Finally, for comparison with the plots produced by fdapace we plot the curves for the first two subjects in the tsibble.

df  %>% filter(id == 31 | id == 36)  %>% 
        ggplot(aes(x = xp, y = ln_wages, group = id, color = id)) + 
         geom_line()

We finish our initial look at the data by noting that we are really dealing with sparse data here. Some curves have only 4 measurements, no curve has more than 13 measurements, and all subjects were measured at different times. This is a classic longitudinal data set.

Functional PCA

As I mentioned in my previous post, Principal Components by Conditional Expectation (PACE), described in Yao, Müller & Wang (2005), was designed for sparse data. The method works by pooling the data. Curves are not individually smoothed. Instead, estimates of the FPC scores are obtained from the entire ensemble of data. (See equation (5) in the reference above.)

The first step towards using FPCA functions in the fdapace package is to reshape the data so that the time and wages data for each subject are stored as lists in separate columns of a tibble where each row contains all of the data for a single id. (Standard dplyr operations might not work as expected on a tsibble.) The following code pulls just the required data into a tibble before the dplyr code in the somewhat untidy ‘for loop’ builds the data structure we will use for the analysis.

df2 <- df %>% select(id, xp, ln_wages) %>% as_tibble()

uid <- unique(df2$id)
N <- length(uid)
Wages <- rep(0,N)
Exp <- rep(0,N)

for (k in 1:N){
  Wages[k] <-  df2 %>% filter(id == uid[k]) %>% select(ln_wages) %>% pull()  %>% list()
  Exp[k]  <-   df2 %>% filter(id == uid[k]) %>% select(xp)  %>% pull() %>% list()
}
df3 <- tibble( uid, Wages, Exp )
glimpse(df3)
## Rows: 764
## Columns: 3
## $ uid   <int> 31, 36, 53, 122, 134, 145, 155, 173, 207, 222, 223, 226, 234, 24…
## $ Wages <list> <1.491, 1.433, 1.469, 1.749, 1.931, 1.709, 2.086, 2.129>, <1.98…
## $ Exp   <list> <0.015, 0.715, 1.734, 2.773, 3.927, 4.946, 5.965, 6.984>, <0.31…

he FPCA() function computes the functional principal components.

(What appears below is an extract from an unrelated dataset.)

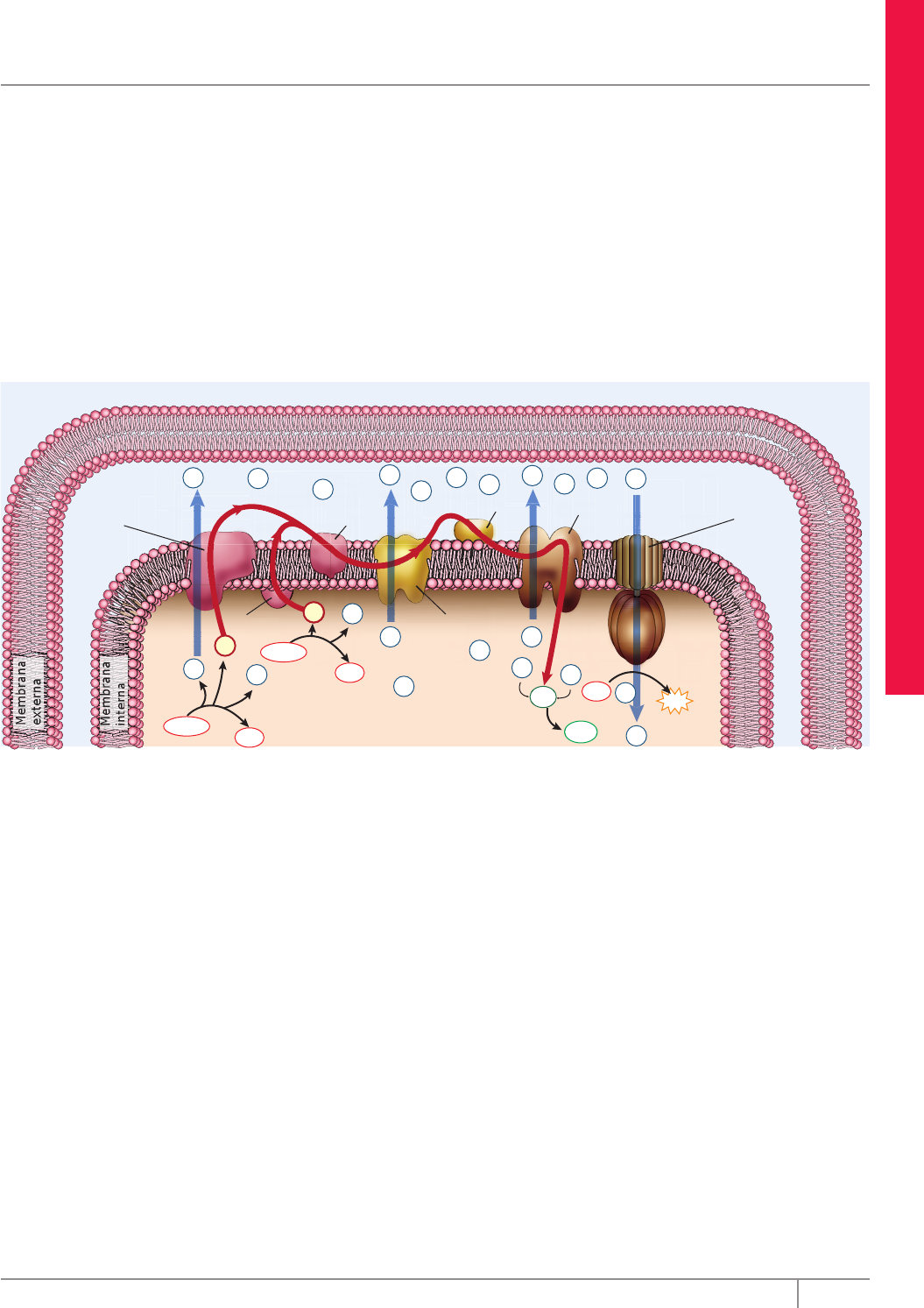 Respiração celular e fermentação 17Editora Bernoulli B IO LO G IA Cadeia respiratória A cadeia respiratória, que nas células eucariotas é realizada na membrana interna da mitocôndria, tem início a partir dos NADH2 e dos FADH2 produzidos nas etapas anteriores da respiração celular. Nela, ocorre síntese de água, transporte de elétrons através de uma cadeia de substâncias (cadeia transportadora de elétrons) e bomba de prótons (H+) com consequente síntese de ATP. A cadeia transportadora de elétrons é um conjunto de reações de oxirredução que envolve a participação de quatro complexos proteicos (I, II, III e IV) e de duas moléculas conectoras móveis: a ubiquinona (coenzima Q) e o citocromo C. A bomba de prótons é um mecanismo de transporte ativo que transfere íons H+ da matriz mitocondrial para o espaço intermembrana (espaço existente entre a membrana externa e a membrana interna da mitocôndria). A ilustração a seguir mostra de forma simplificada os principais fenômenos da cadeia respiratória. e– H+ H+ H+ H+ H+ H+ H+ H+ H+ H+ H+ H+ H+ H+ H+ H+ H+ H+ H+ H+ H+ MATRIZ MITOCONDRIALNADH2 NAD FAD E sp aç o in te rm em b ra n a M em b ra n a in te rn a Complexo I Complexo II Complexo III Complexo IV ATP½O2 H2O Ubiquinona Citocromo C ATP-Sintase CITOSOL FADH2 ADP + Pi e– M em b ra n a ex te rn a A cadeia respiratória – A oxidação dos NADH2 (NADH2 → NAD + 2H+ + 2e–) e a dos FADH2 (FADH2 → FAD + 2H+ + 2e–) liberam elétrons e prótons. Os elétrons provenientes da oxidação dos NADH2 são recebidos pelo complexo I no começo da cadeia respiratória, enquanto aqueles provenientes dos FADH2 são recebidos pelo complexo II. Desses receptores (I e II), os elétrons são transferidos para a ubiquinona, de onde são repassados para o complexo III e daí para o citocromo C. Do citocromo C, eles são enviados para o complexo IV, que, então, os entrega ao O2, que se combina com íons H+, formando água (H2O). O oxigênio, portanto, é o receptor final dos elétrons na cadeia transportadora. Nesse processo de transferência de elétrons dos NADH2 e dos FADH2 até o O2, há, gradativamente, liberação de energia. Parte dessa energia é dissipada sob a forma de calor e parte é utilizada para bombear prótons (H+) da matriz mitocondrial para o espaço existente entre as membranas mitocondriais. Portanto, à medida que os elétrons passam pela cadeia transportadora, os prótons são bombeados para o espaço intermembrana. O acúmulo de íons H+ nesse espaço cria um gradiente de concentração de prótons: concentração alta de H+ no espaço intermembrana e concentração baixa de H+ na matriz mitocondrial. Devido à carga positiva nos prótons (H+), estabelece-se também uma diferença na carga elétrica: a matriz mitocondrial torna-se mais negativa que o espaço intermembrana. Juntos, o gradiente de concentração de prótons e a diferença de carga constituem uma fonte de energia potencial denominada força motora de prótons. Essa força aciona o retorno de prótons para a matriz mitocondrial, através de um canal específico de prótons formado por um complexo proteico denominado ATP-sintase (ATP-sintetase). Ao passar por esse complexo proteico, ocorre liberação de energia, que é, então, utilizada para fosforilar o ADP, ou seja, acrescentar um fosfato ao ADP, transformando-o em ATP. O complexo ATP-sintase “extrai” energia química dos íons H+ para sintetizar ATP. Essa fosforilação que ocorre na cadeia respiratória é conhecida por fosforilação oxidativa. As reações da cadeia respiratória são de oxirredução, isto é, reações que envolvem perda e ganho de hidrogênios e de elétrons. Para os químicos, uma substância que perde elétrons ou hidrogênios fica oxidada. Quando ganha elétrons ou hidrogênios, fica reduzida. A glicose e seus subprodutos, por exemplo, ao perderem hidrogênios para os NAD, estão sofrendo oxidação. Por isso, fala-se que durante a respiração ocorre oxidação da glicose. Por outro lado, os NAD, ao receberem hidrogênios transformando-se em NADH2, estão sofrendo redução. Todos os componentes da cadeia respiratória, ao receberem elétrons, reduzem-se e, ao cedê-los para a substância seguinte, tornam a se oxidar. Assim, na respiração celular, a todo momento ocorrem reações de oxidação e de redução. 18 Coleção Estudo Frente A Módulo 08 O objetivo da respiração celular é a produção de ATP. A produção líquida ou saldo energético (em moléculas de ATP) por glicose pode chegar a 32 ATP, dependendo do tipo de célula. Veja o quadro a seguir: Saldo energético da respiração aeróbica / glicose Glicólise São produzidos 4 ATP, mas, como são gastos 2 ATP, há saldo positivo de 2 ATP. Ciclo de Krebs Cada ciclo produz 1 ATP. Como são 2 ciclos por glicose, o saldo é de 2 ATP. Cadeia respiratória Cada NADH2 proporciona a síntese de 2,5 ATP. Como são 10 NADH2 por glicose, a partir deles são produzidos 25 ATP. Cada FADH2 proporciona a síntese de 1,5 ATP. Como são 2 FADH2 por glicose, a partir deles são produzidos 3 ATP. Saldo total → 2 ATP + 2 ATP + 25 ATP + 3 ATP = 32 ATP Existem células em que a membrana interna da mitocôndria é impermeável ao NADH2. Nessas células, a passagem para o interior da mitocôndria dos hidrogênios transportados pelos 2NADH2, produzidos no citosol durante a glicólise, requer gasto de energia, sendo gasto 1 ATP para cada um desses NADH2. Nessas células, portanto, o saldo energético / glicose é de 30 ATP (32 – 2 = 30 ATP). Para realizar a respiração aeróbica, a glicose é o “combustível” preferido pela célula. Mas não é o único. Na falta de glicose, a célula lança mão dos lipídios e, caso haja necessidade, até das proteínas. Isso é possível porque a substância acetil CoA, formada na respiração aeróbica, também pode ser produzida a partir de outros compostos orgânicos, como ácidos graxos, glicerol e aminoácidos.

Note that in the function call the input data are the two columns of lists we created above. The dataType parameter specifies the data as being sparse. error = FALSE means we are using a simple model that does not account for unobserved error. kernel =epan` means that the we are using the Epanechnikov for smoothing the pooled data to compute the mean and covariance. (For this data set, Epanechnikov seems to yield better results than the default Gaussian kernel.)

res_wages <- FPCA(df3$Wages,df3$Exp, list(dataType='Sparse', error=FALSE, kernel='epan', verbose=TRUE))

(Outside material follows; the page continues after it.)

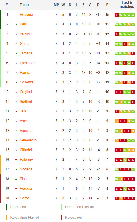 17/09/22 แพ้ บารี่ 0-1 (เหย้า) เซเรีย บี / ต่อ 0.5 ...เสีย

The plot method for the resulting FPCA object provides a visual summary of the results. Going clockwise from the upper left, the Design Plot shows that collectively the data are fairly dense over the support except at the upper range near twelve years. The computed mean function for the data shows a little dip in wages near the beginning and then a clear upward trend until it abruptly drops towards the end. The first three eigenfunctions are plotted at the bottom right, and the scree plot at the bottom left shows that the first eigenfunction accounts for about 60% of the total variation and that it takes about eight eigenfunctions to account for 99% of the variance. Note that the default label for the time access in all of the fdapace plots is s for support.

plot(res_wages)

We can obtain the exact estimates for the cumulative Fraction of Variance Explained by picking cumFVE out of the FPCA object.

round(res_wages$cumFVE,3)
##  [1] 0.591 0.739 0.806 0.860 0.908 0.936 0.957 0.975 0.983 0.989 0.993

The following plot shows the smoothed curves estimated for the first two subjects. These are the same subject plotted in the third plot above. The circles indicate the input data. Everything looks pretty good here.

CreatePathPlot(res_wages, subset=1:2, main = 'Estimated Paths for IDs 31 and 36'); grid()

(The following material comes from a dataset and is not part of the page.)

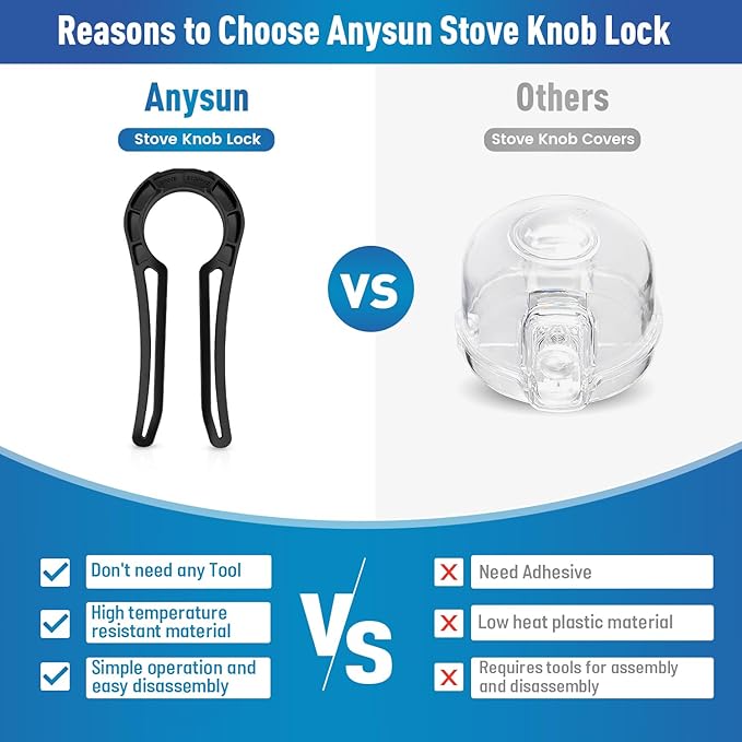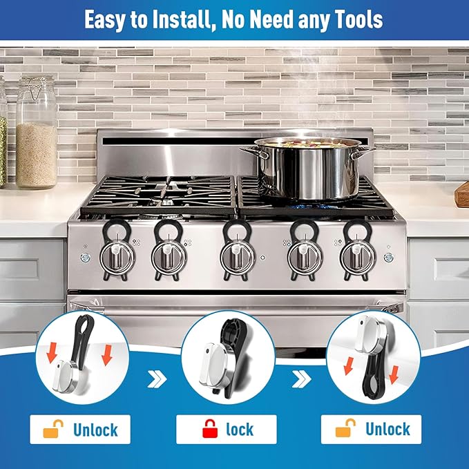 - Keep your kids safe: Use the Anysun stove knob cover lock. In this way, the baby does not open the gas stove switch to avoid accidents. Our functional design stove knobs effectively prevent babies from opening gas stoves to protect children from burns, scalds, gas leaks, and other accidents.

But looking at just one more subject shows how quickly things can apparently go off the rails. The green curve for subject id 53 after 1.77 years is pure algorithmic imagination. Although there are several data points in the first two years, there is nothing thereafter.

CreatePathPlot(res_wages, subset= 1:3, showMean=TRUE)

The value of the FPCA analysis lies in estimating the mean function and the covariance operator which are constructed from the pooled data, and not in predicting an individual paths.

The covariance surface is easily plotted with the help of the extractor function GetCovSurface() which fetches the time grid and associated covariance surface stored in the FPCA object. These are in the right format for a three dimensional, interactive plotly visualization. Rotating the plot and changing the viewing angle reveals quite a bit about the details of the estimated covariance surface.

covS <- GetCovSurface(df3$Wages,df3$Exp)
x <- covS$workGrid
Surf <- covS$cov

fig <- plot_ly(x = x, y = x, z = ~Surf) %>% 
  add_surface(contours = list(
    z = list(show=TRUE,usecolormap=TRUE, 
             highlightcolor="#ff0000", project=list(z=TRUE))))

fig <- fig %>% 
  layout(scene = list(camera=list(eye = list(x=1.87, y=0.88, z=-0.64))))

fig

The next plot, the Modes of Variation Plot shows the modes of variation about the mean for the first two eigenfunctions. The mean function is indicated by the red line. The dark gray shows the variation of the first eigenfunction, and the light gray shows the variation of the second. The plot indicates that all of the subjects begin their careers with similar entry level wages, start to diverge by their second year, reach peak variation around year eight and then begin to converge again by year eleven.

CreateModeOfVarPlot(res_wages, main = "Modes of Variation of Eigenvectors")

### Some Conclusions

This short post neither presents a comprehensive view of functional principal components analysis, nor does it provide the last word on the wages data set. Nevertheless, juxtaposing the highly visual but traditional exploratory analysis conducted by the authors of the brolgar package with a basic FPCA look does provide some insight into the promise and pitfalls of using FPCA to explore sparse, longitudinal data sets.

On the promise side:

1. FDA offers a global perspective that facilitates thinking about an individual subject’s time path as a whole. For the wages data set, we see individual trajectories developing in a wages/time space that can be parsimoniously represented, analyzed and compared.

2. FPCA works with very sparse data, does not require the same number of observations for each subject, and does not demand that the observations be taken at the same time points.

3. There is really no concept of missing data per se, and no need for data imputation. The amount of information required to represent a subject can vary over a wide range.

As to the pitfalls:

1. As with plain old multivariate PCA, eigenvectors may not have any obvious meaning, and trajectories in an abstract space may be difficult to interpret.

2. There is really no way to avoid the missing data daemon. The wages data set shows the sensitivity of FPCA trajectories to both the number and the locations of the observed data points. It is not possible to reconstruct individual trajectories for which there are too few observations.

That’s all for now. Thank you for following along.